Some people think of the sciences and the humanities as mutually exclusive categories: Wake Forest English professor Meredith Farmer is not one of them. Farmer specializes in 19th-century American literature, a field that allows her to chase her interest in the overlap between science and the humanities. The connection? “In the 19th century there was less of a difference between the two fields – in the 1850s, scientists and philosophers (and other humanities scholars) were talking to each other much more often,” Farmer explains. Now, her scholarship continues in this tradition, bridging the gap between the two spheres and demonstrating how an interdisciplinary approach to environmental studies can strengthen both the liberal arts and the sciences.

Unsurprisingly, this energy infuses her teaching. Farmer’s classes intertwine literature, history, and science, and challenge students to engage the public with what they have learned. Next semester, she is offering a class called “Environmental Destruction” geared toward english and environmental program students.
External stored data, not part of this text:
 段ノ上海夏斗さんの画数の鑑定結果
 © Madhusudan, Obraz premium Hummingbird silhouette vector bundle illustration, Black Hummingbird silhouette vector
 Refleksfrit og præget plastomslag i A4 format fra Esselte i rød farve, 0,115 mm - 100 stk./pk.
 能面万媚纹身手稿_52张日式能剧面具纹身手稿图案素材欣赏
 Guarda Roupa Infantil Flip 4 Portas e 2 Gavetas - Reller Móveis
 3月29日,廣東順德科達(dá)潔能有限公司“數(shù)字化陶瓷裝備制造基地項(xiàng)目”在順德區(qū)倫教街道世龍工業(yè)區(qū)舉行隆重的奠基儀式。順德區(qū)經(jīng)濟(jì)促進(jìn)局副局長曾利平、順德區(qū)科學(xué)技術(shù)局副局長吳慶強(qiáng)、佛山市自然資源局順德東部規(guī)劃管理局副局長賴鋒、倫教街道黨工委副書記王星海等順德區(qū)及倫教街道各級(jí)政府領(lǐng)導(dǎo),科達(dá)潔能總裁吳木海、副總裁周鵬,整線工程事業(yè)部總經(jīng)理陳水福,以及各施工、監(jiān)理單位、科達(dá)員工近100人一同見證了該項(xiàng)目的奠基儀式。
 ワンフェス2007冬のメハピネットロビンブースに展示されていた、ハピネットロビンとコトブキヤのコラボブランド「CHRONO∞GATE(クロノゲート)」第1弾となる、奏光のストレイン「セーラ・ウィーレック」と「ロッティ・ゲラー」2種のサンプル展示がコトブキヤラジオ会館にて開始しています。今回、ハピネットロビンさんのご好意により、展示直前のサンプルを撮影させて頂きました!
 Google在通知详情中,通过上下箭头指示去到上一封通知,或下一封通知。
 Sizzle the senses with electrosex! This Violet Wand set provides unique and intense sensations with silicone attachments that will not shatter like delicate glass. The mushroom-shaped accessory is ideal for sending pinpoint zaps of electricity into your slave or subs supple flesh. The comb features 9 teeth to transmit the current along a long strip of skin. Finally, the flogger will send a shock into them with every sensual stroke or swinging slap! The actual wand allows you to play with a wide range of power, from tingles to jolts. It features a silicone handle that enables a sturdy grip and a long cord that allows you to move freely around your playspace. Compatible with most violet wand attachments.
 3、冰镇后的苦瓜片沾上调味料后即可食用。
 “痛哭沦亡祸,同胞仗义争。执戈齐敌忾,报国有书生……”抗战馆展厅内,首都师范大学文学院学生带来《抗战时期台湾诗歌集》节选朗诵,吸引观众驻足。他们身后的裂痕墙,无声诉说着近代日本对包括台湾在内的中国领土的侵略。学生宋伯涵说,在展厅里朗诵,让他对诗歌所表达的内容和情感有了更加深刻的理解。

The course will traverse the history of the American environmental movement, starting with early nature writing by Henry David Thoreau and Ralph Waldo Emerson, through the establishment of our national parks and forests and John Muir’s work, and ending with examinations of recent environmental disasters like the BP oil spill and Hurricane Katrina by Stephanie LeMenanger and Natasha Trethewey. Along the way, students will improve their writing and learn the art of podcasting to communicate what they learn.

Farmer’s deep interest in the way science is communicated and reflected in literature is reflected by her new edited volume. The book, Ahab Unbound: Melville and the Materialist Turn, features 16 essays by accomplished scholars, each examining the character of Captain Ahab from Moby Dick through a different scientific lens, ranging from natural history to neuroscience.
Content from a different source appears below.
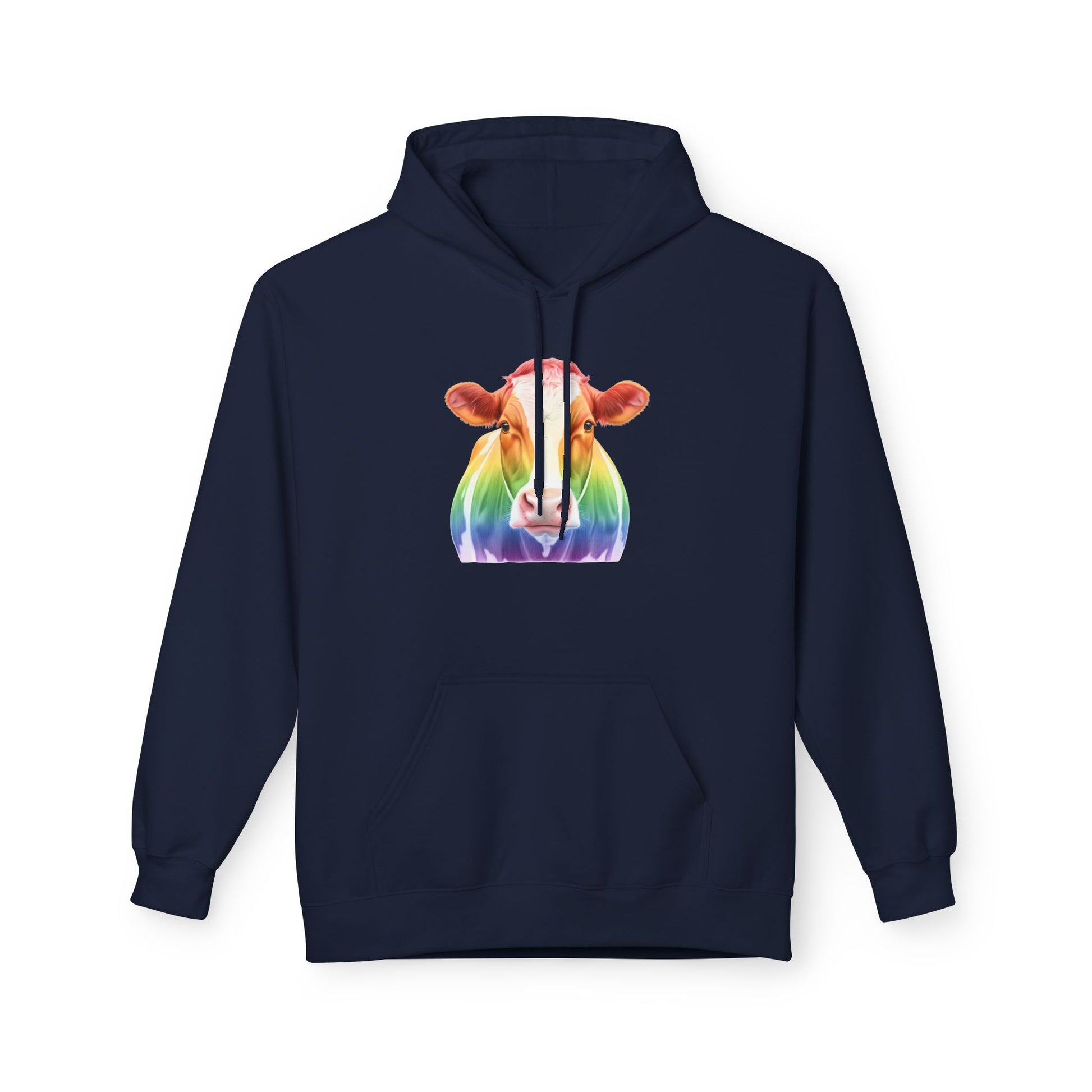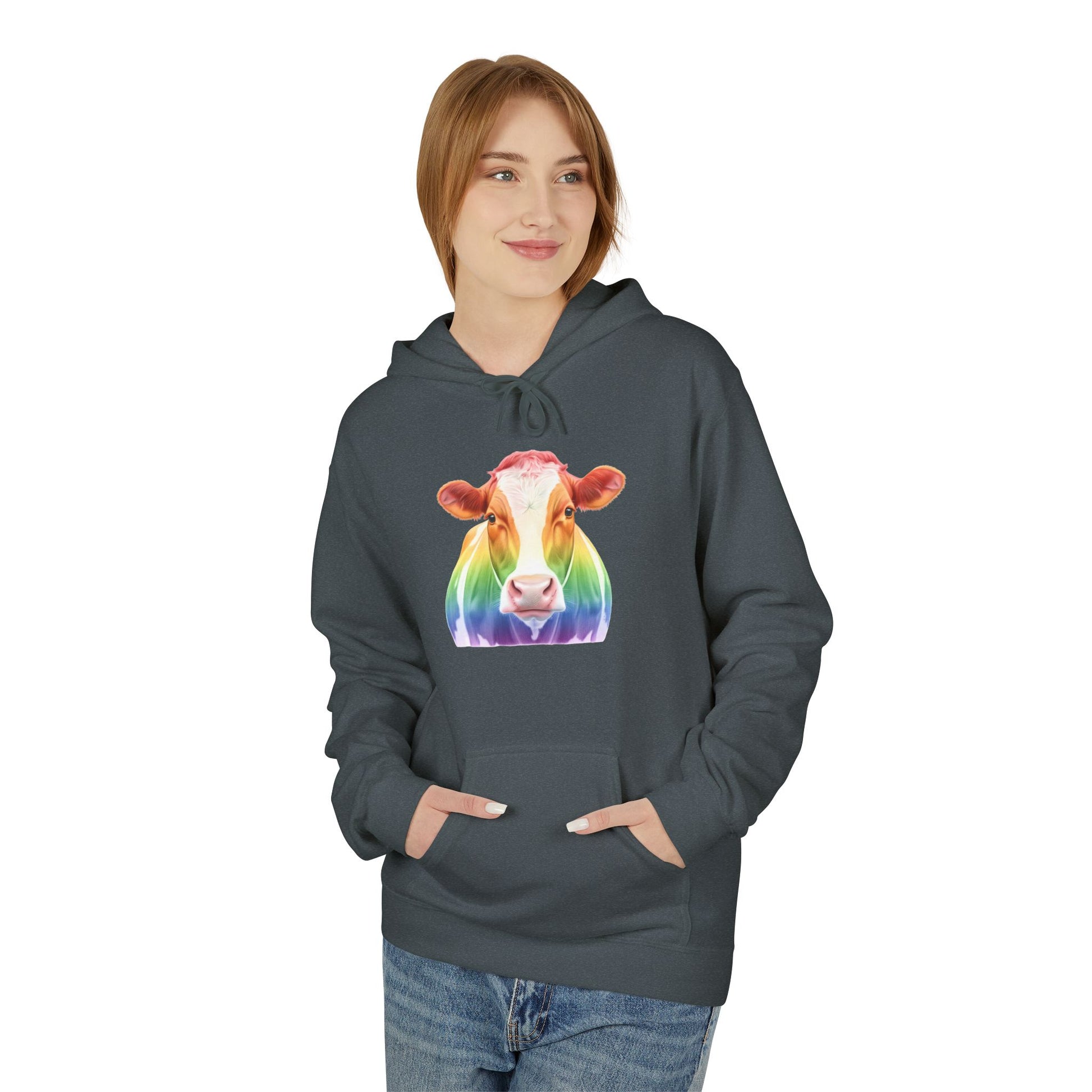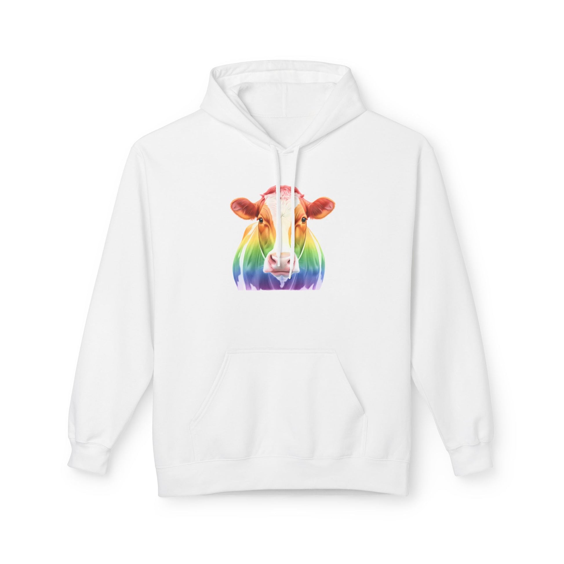 Bright rainbow cow hoodie for farm lovers and colorful apparel fans.

“The environmental program is a great venue for doing this type of thing on campus”

For Farmer, working on this book “reiterated the importance of understanding how to communicate to non-experts…you have to zoom out more than you think you do.” She recalls how, when she was researching for the book at the Smithsonian National Museum of American History, marine mammal experts from the National Museum of Natural History would attend the history museum’s lectures on Herman Melville (the author of Moby-Dick), excited to learn about whales from a different perspective and to share their knowledge. This type of cross-talk between fields is invaluable, and something we at Wake Forest are uniquely positioned to foster: “The environmental program is a great venue for doing this type of thing on campus,” Farmer points out.
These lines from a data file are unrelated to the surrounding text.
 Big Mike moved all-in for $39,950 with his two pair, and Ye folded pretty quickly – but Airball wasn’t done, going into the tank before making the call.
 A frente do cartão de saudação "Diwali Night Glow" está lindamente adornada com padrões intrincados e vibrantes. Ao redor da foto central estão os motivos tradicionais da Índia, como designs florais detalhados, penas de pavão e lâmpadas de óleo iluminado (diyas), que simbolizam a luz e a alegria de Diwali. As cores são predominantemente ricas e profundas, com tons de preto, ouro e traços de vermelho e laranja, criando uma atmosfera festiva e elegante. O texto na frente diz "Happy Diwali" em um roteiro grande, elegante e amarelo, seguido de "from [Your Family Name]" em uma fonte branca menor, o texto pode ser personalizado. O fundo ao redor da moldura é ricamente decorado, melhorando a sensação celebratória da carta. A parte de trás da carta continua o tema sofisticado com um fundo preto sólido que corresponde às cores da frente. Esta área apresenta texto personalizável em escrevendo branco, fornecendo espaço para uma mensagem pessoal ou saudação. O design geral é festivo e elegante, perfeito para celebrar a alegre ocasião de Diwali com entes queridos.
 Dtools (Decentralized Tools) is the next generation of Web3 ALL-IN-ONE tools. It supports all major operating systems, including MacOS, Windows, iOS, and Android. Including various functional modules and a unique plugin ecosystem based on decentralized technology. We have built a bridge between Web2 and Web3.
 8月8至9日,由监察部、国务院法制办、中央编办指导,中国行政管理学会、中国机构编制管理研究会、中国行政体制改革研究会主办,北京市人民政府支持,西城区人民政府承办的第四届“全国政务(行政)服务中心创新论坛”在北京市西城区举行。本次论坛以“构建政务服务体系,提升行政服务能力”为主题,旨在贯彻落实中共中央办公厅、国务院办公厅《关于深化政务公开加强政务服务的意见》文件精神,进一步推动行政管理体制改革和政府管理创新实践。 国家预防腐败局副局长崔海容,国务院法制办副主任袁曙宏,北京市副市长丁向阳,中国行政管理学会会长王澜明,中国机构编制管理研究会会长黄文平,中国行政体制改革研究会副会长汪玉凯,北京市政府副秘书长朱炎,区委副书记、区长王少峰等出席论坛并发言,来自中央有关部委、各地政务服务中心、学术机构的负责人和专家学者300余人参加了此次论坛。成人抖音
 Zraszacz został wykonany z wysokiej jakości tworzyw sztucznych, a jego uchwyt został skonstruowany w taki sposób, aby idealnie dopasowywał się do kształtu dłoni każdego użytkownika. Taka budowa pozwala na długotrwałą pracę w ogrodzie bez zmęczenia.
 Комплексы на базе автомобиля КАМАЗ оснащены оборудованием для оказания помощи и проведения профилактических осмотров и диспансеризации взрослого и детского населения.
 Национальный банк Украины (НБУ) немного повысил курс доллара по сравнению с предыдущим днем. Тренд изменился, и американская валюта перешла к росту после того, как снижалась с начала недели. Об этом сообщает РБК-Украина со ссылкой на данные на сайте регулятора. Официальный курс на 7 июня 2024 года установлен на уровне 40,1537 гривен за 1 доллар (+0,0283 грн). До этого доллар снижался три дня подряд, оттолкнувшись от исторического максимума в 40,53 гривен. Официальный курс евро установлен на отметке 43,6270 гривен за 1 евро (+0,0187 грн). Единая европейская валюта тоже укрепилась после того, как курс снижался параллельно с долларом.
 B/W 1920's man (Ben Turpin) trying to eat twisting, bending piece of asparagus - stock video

Farmer’s next project will be her most ambitious yet — she’s interested in exploring the history of weather tracking and society’s understanding of climate change. In 1819, the US Army Surgeon General’s office started recording weather patterns due to fears about how changes in the weather could influence the distributions of diseases across the country. “We’ve been worried about climate change for over 200 years, because it mattered for agrarian and military purposes,” says Farmer. “I want to track the history of this movement up until today, and map out the longer and infinitely more complex history of the investment in climate change.” Along the way, she will be scouring literature for references to climate and weather to understand how these concerns manifested in American writing and what kinds of weather and climate-related information circulated in popular culture through time.

While her work is wide ranging, a common thread running through all of Farmer’s projects is public engagement. Digital essays by her previous environmental and english courses are available in a permanent public exhibit, and a similar digital exhibit produced by her class called “Slave Narratives, Global and Local” in conjunction with Old Salem’s Hidden Town project conveys Winston Salem history to local middle school students. Her efforts to share the work she and her students do on campus with the wider community communicates the importance of a healthy environment through the lenses of philosophy, history, and — yes — even science. Farmer puts it even more simply: “Public humanities are engaged humanities.”